Return the listing below unchanged, except that the pictures are dropped.

**AVAILABLE DATA:**
BEGIN

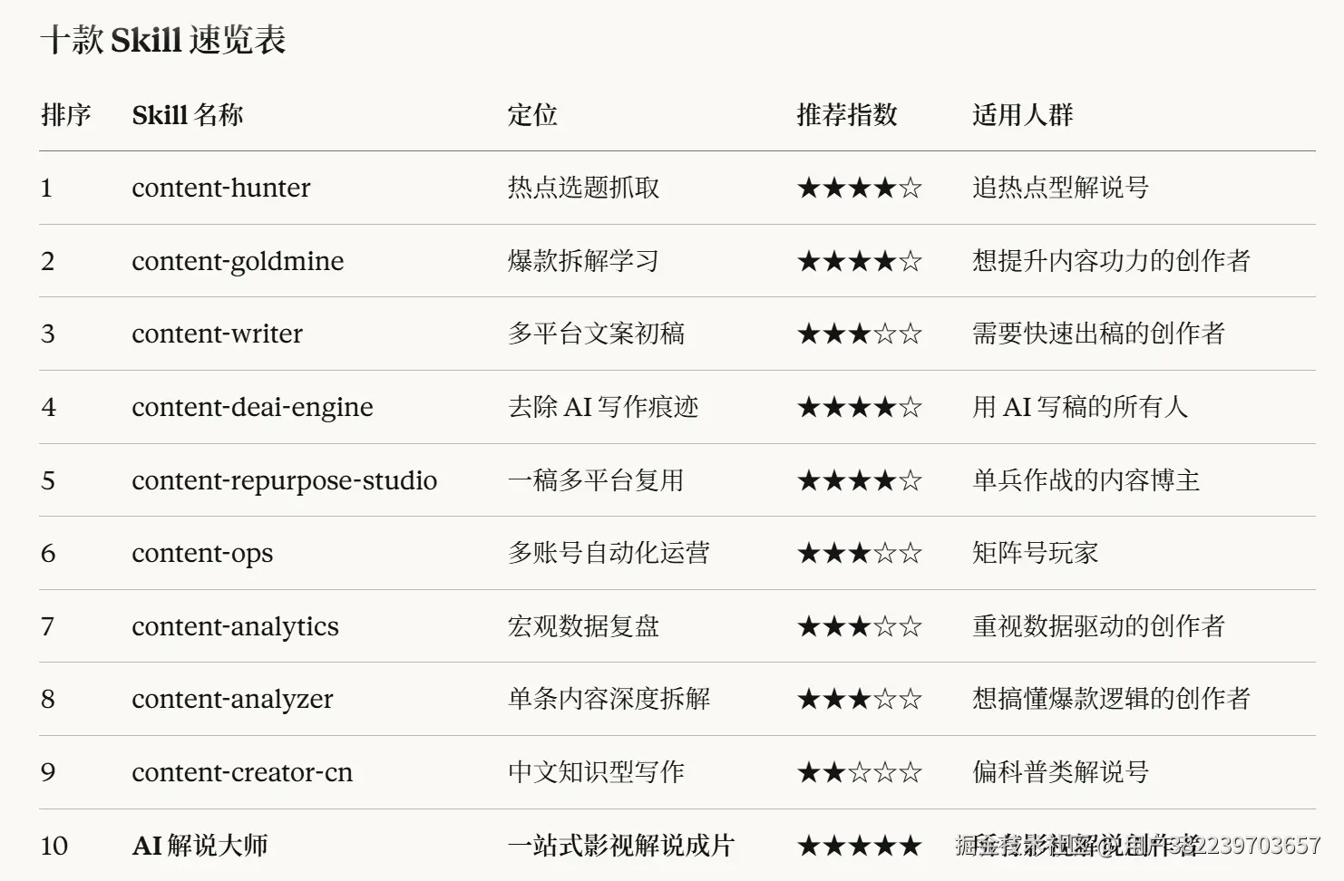 十款 Skill 速览表
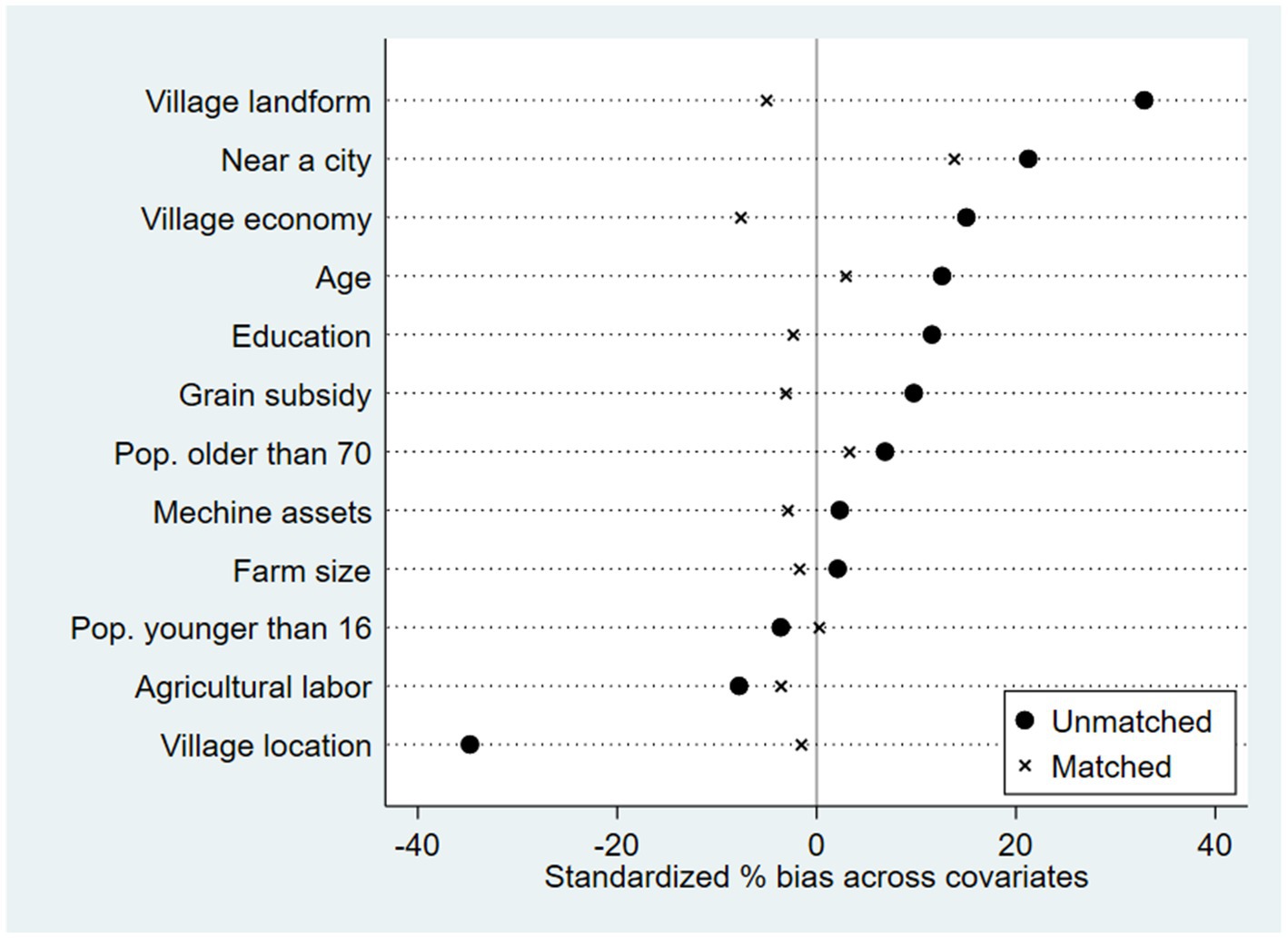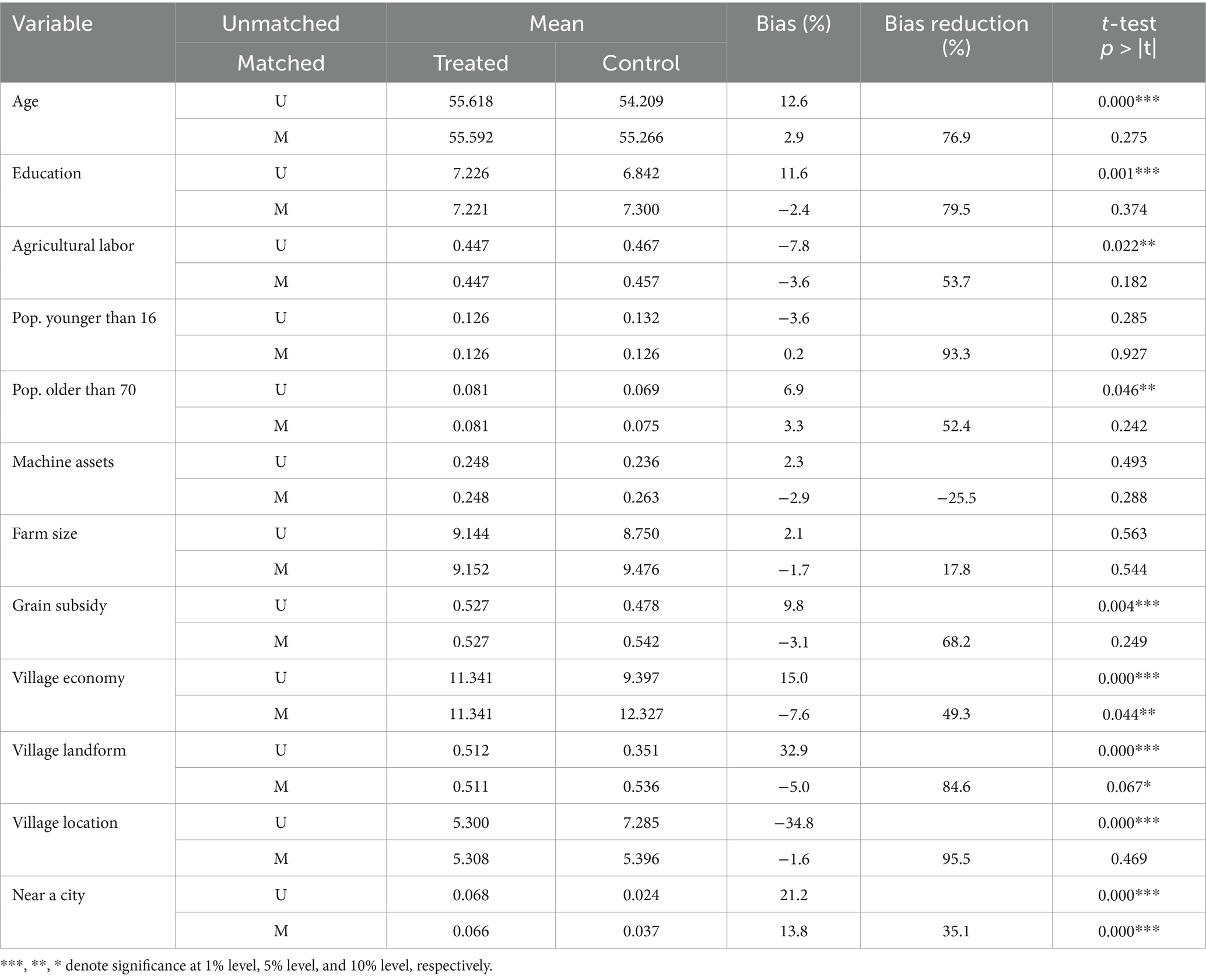 Finally, the PSM quality indicators before and after matching are reported in Table 5. Except for the machine assets variable, the bias of all variables after matching decreased substantially. In addition, the variables including age, education, agricultural labor, Pop. older than 70, grain subsidy, and village location were significantly different at the 1% between the control group and treatment group before the matching, and all of them were insignificant after matching. Meanwhile, according to the Figure A1, the distribution of standardized deviations of each variable before matching was relatively discrete. However, after applying the kernel-based matching method, the standardized deviations of each variable were less than 10%, and most of them were near the 0 value, which shows a significant reduction compared with the pre-matching period.
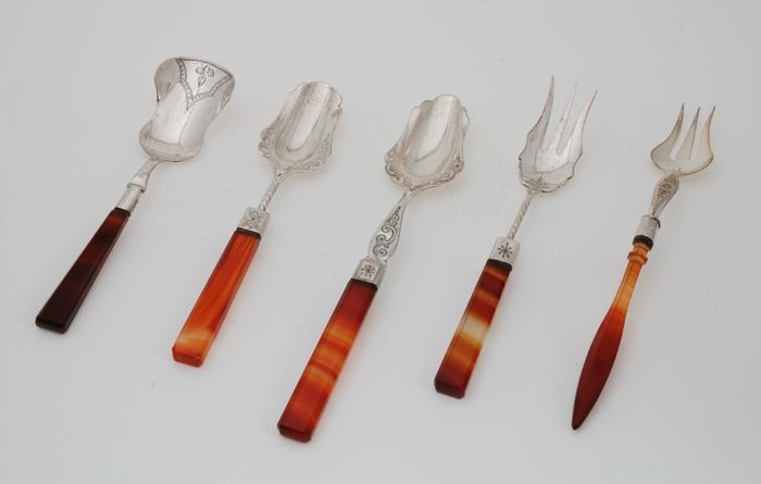 Twee vorkjes en drie schepjes met oranje-rode handva...
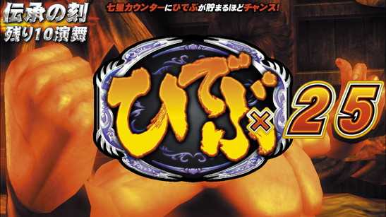 「伝承の刻」は20G継続の自力チャンスゾーン。20G間は毎ゲーム「ひでぶ」の獲得抽選を行なっていて、獲得したひでぶ数がそのままAT当選期待度に!最終ゲームでバトル演出に発展し、見事勝利できればAT当選!100ひでぶなら…!?

END

**ANSWER TO THIS EXERCISE:**
 十款 Skill 速览表
 Finally, the PSM quality indicators before and after matching are reported in Table 5. Except for the machine assets variable, the bias of all variables after matching decreased substantially. In addition, the variables including age, education, agricultural labor, Pop. older than 70, grain subsidy, and village location were significantly different at the 1% between the control group and treatment group before the matching, and all of them were insignificant after matching. Meanwhile, according to the Figure A1, the distribution of standardized deviations of each variable before matching was relatively discrete. However, after applying the kernel-based matching method, the standardized deviations of each variable were less than 10%, and most of them were near the 0 value, which shows a significant reduction compared with the pre-matching period.
 Twee vorkjes en drie schepjes met oranje-rode handva...
 「伝承の刻」は20G継続の自力チャンスゾーン。20G間は毎ゲーム「ひでぶ」の獲得抽選を行なっていて、獲得したひでぶ数がそのままAT当選期待度に!最終ゲームでバトル演出に発展し、見事勝利できればAT当選!100ひでぶなら…!?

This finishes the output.